While the app is heavily automated, I still appreciate that Copilot marks new transactions for review. It’s a good way to both weed out fraudulent charges, and also be somewhat intentional about your spending habits.

Because the app is relatively new (it launched in early 2020), the company is still catching up to the competition on some table-stakes features. Ugarte told me that his team is almost done building out a detailed cash flow section, which could launch before the end of 2023, but more likely in early 2024. On its website, Copilot also promises a raft of AI-powered features that build on its current “Intelligence” platform, the one that powers its smart expense categorization. These include “smart financial goals,” natural language search, a chat interface, forecasting and benchmarking. That benchmarking, Ugarte tells me, is meant to give people a sense of how they’re doing compared to other Copilot users, on both spending and investment performance. Most of these features should arrive in the ne

Copilot does a couple interesting things for new customers that distinguish it from the competition. There’s a “demo mode” that feels like a game simulator; no need to add your own accounts. The company is also offering two free months with RIPMINT — a more generous introductory offer than most. When it finally does come time to pony up, the $7.92 monthly plan is cheaper than some competing apps, although the $95-a-year-option is in the same ballpark.
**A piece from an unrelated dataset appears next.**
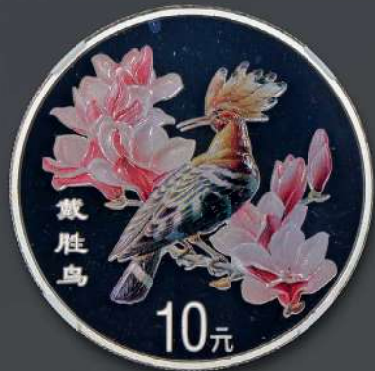
10 Yuan 1999. Extremely rare. Only few pieces known. Proof in NGC-plasticholder PF 68 ULTRA CAMEO.

The best free budgeting app: NerdWallet

You may know NerdWallet as a site that offers a mix of personal finance news, explainers and guides. I see it often when I google a financial term I don’t know and sure enough, it’s one of the sites I’m most likely to click on. As it happens, NerdWallet also has the distinction of offering one of the only free budget tracking apps I tested. In fact, there is no paid version; nothing is locked behind a paywall. The main catch: There are ads everywhere. To be fair, the free version of Mint was like this, too.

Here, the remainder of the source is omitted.